Extracted records:
◇ ◇ ◇ ◇
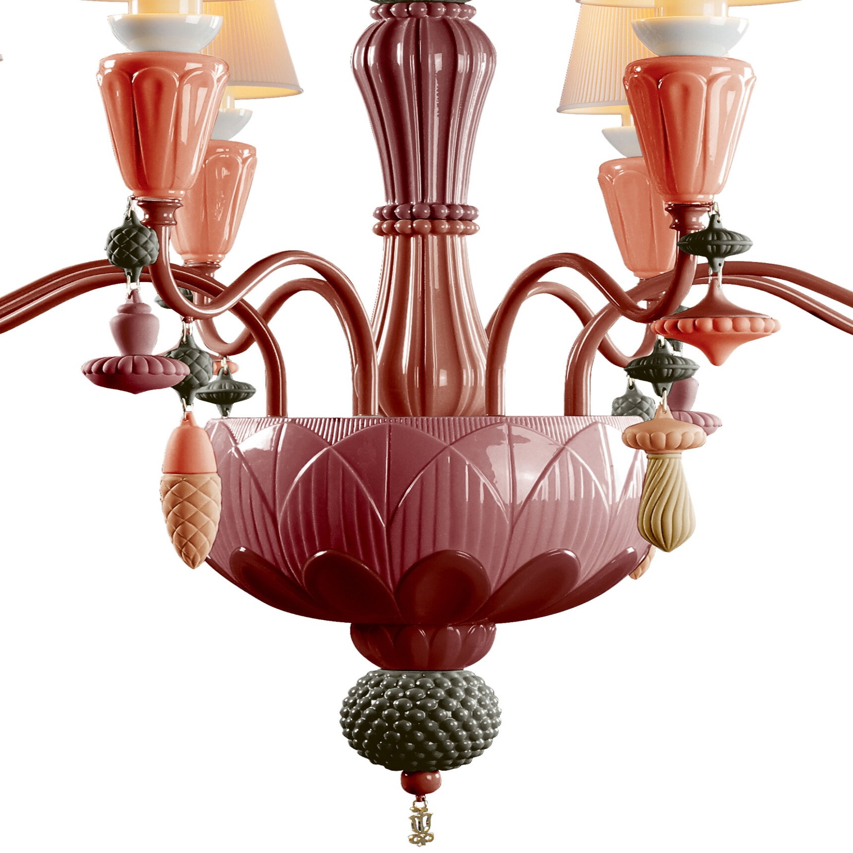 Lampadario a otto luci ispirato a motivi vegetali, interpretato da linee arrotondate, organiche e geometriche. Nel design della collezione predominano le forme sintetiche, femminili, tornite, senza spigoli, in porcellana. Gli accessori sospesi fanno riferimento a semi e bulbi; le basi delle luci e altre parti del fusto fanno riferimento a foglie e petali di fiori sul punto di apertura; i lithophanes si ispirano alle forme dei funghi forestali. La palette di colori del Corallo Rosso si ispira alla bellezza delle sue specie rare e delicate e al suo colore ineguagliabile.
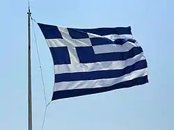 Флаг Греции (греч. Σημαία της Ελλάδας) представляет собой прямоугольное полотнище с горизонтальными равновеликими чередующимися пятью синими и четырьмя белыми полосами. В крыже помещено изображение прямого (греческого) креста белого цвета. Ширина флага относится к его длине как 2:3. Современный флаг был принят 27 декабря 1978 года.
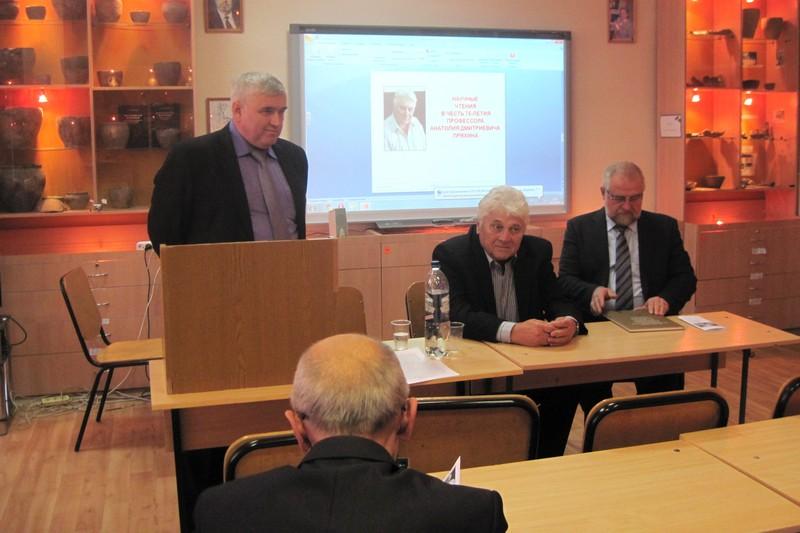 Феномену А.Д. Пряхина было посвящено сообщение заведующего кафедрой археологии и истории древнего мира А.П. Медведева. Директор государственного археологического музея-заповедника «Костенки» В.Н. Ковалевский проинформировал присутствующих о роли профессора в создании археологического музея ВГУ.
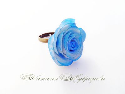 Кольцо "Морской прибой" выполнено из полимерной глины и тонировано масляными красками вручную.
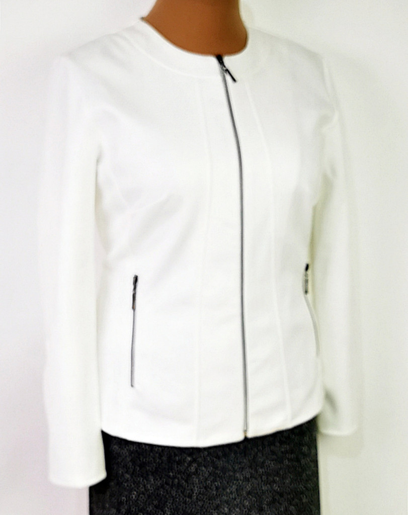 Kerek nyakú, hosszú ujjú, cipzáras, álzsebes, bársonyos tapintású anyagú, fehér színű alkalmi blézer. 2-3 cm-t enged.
◇ ◇ ◇ ◇
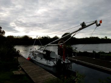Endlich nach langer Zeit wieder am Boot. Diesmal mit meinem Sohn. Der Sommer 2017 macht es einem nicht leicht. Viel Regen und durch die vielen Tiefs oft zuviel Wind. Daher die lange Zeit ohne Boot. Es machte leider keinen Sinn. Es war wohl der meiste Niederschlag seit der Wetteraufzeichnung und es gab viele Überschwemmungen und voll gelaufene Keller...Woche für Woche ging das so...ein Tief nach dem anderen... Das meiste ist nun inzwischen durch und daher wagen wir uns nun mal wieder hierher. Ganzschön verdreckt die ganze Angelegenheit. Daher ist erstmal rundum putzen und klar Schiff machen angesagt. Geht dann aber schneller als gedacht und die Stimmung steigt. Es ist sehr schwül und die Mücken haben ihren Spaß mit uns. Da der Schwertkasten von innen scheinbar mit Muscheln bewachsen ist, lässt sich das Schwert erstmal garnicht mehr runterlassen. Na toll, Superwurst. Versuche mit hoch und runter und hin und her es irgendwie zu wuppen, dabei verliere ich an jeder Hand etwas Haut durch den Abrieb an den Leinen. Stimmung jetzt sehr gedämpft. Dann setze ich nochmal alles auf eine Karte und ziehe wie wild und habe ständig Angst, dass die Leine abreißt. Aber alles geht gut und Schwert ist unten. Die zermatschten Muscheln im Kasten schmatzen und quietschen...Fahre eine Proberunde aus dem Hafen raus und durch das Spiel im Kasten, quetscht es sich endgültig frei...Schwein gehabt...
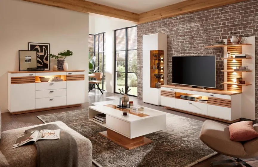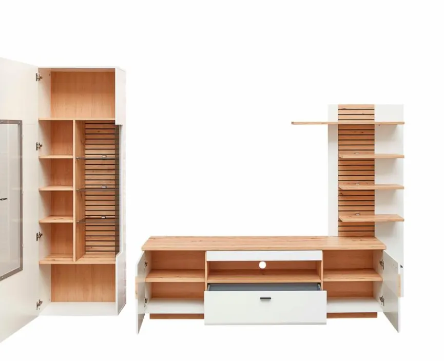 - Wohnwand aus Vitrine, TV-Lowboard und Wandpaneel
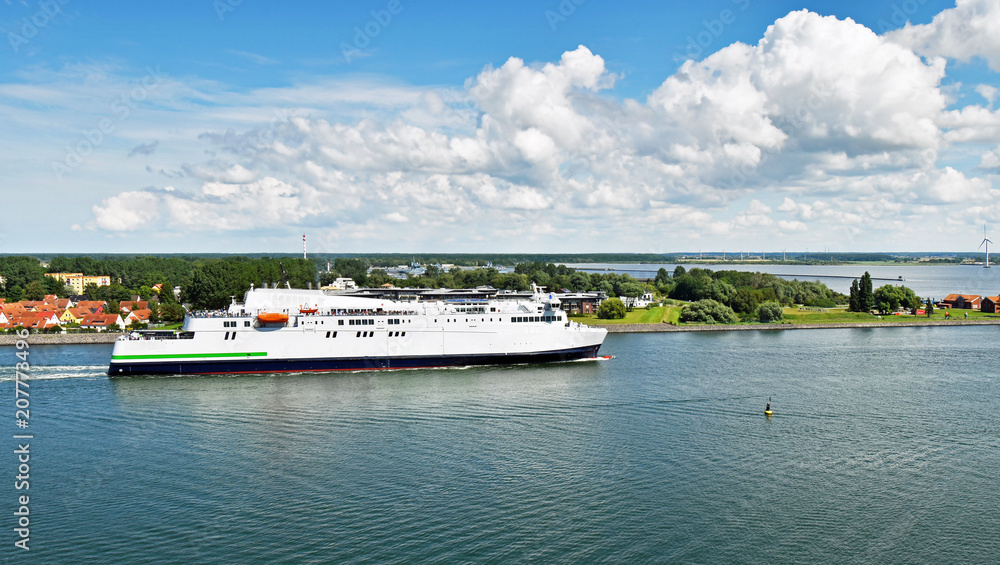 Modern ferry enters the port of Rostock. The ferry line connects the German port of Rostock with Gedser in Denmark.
◇ ◇ ◇ ◇
In the data above, find the line containing "Lampadario a otto" and the line containing "масляными красками вручную.". Repeat those two lines and everything between them exactly, minus the pictures.

 Lampadario a otto luci ispirato a motivi vegetali, interpretato da linee arrotondate, organiche e geometriche. Nel design della collezione predominano le forme sintetiche, femminili, tornite, senza spigoli, in porcellana. Gli accessori sospesi fanno riferimento a semi e bulbi; le basi delle luci e altre parti del fusto fanno riferimento a foglie e petali di fiori sul punto di apertura; i lithophanes si ispirano alle forme dei funghi forestali. La palette di colori del Corallo Rosso si ispira alla bellezza delle sue specie rare e delicate e al suo colore ineguagliabile.
 Флаг Греции (греч. Σημαία της Ελλάδας) представляет собой прямоугольное полотнище с горизонтальными равновеликими чередующимися пятью синими и четырьмя белыми полосами. В крыже помещено изображение прямого (греческого) креста белого цвета. Ширина флага относится к его длине как 2:3. Современный флаг был принят 27 декабря 1978 года.
 Феномену А.Д. Пряхина было посвящено сообщение заведующего кафедрой археологии и истории древнего мира А.П. Медведева. Директор государственного археологического музея-заповедника «Костенки» В.Н. Ковалевский проинформировал присутствующих о роли профессора в создании археологического музея ВГУ.
 Кольцо "Морской прибой" выполнено из полимерной глины и тонировано масляными красками вручную.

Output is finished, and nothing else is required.